# plants and nitrates



## SSBurke (Feb 13, 2008)

i have a tank set up with approximately 40 pounds of aragonite crushed coral and roughly 40 pounds of rock and was wondering what kinds of plants i should use to lower my nitrate levels. Maybe my test kit is defective but i do weekly water changes of at least 10 percent. Ammo nitrites are always 0 ph around 8.2 and a KH of 6. Water temp is 80-82 nitrate reading of about 20-30 ppm i test the water out of the tap and it tests 0 nitrates but after just a few minutes after a water change its back around 20-30 ppm it never gets any higher than that but am concerned about the long term affects of it on my fish


----------



## under_control (Jan 9, 2008)

Try bigger water changes.
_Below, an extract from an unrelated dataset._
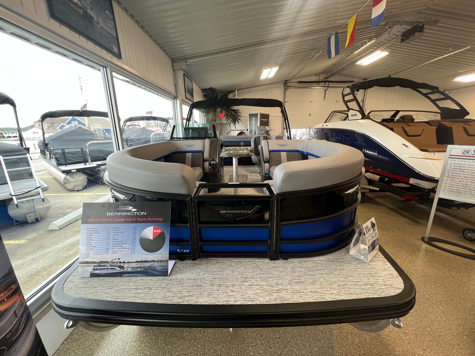 The 2026 Bennington 22 MSB SPS pontoon boat is a standout choice for anyone seeking a new pontoon boat for sale that combines performance, style, and comfort. With its powerful Suzuki DF200ATXSS5 engine, striking Luminous Blue and Gemini Black color scheme, elevated console, electric power Bimini top, and thoughtful interior accents, this Bennington boat for sale is ready to deliver unforgettable moments on the water.If you are ready to elevate your boating lifestyle and enjoy the best that Bennington has to offer, do not miss the opportunity to make the 22 MSB SPS yours. Contact your local dealer today to learn more about this exceptional pontoon and schedule your personal viewing. Your next adventure awaits with the Bennington 22 MSB SPS!

Few plants work with Africans and the ones that do are slow growers and won't do much for your nitrates.

Try a 30-40% change. I do 50% changes on my tank weekly.


----------



## SSBurke (Feb 13, 2008)

how big is your tank? my water tests at any given moment 0-0.25 ammo 0 nitrites between 8 and 8.2 ph and 6 kh i do a minimum of a 10% change a week and treat the water with prime and jungle aquarium salt 2 drops per gallon prime and i use a little bit less of the salt than recommended i have well water so it tests pretty good all 0's ammo nitrites and nitrates but 6 ish ph


----------



## macclellan (Nov 30, 2006)

I'd be much more concerned of the presence of any ammonia (even 0.25ppm) before I became concerned about 20-30ppm nitrates.

Wisteria, Najas Grass, etc. etc. any fast growing stem plant are great for nitrates - if you have decent light and fish that won't destroy the plants.


----------



## under_control (Jan 9, 2008)

how long has this tank been set up? If it is cycled then it should have ZERO ammonia/nitrite as macclellan said.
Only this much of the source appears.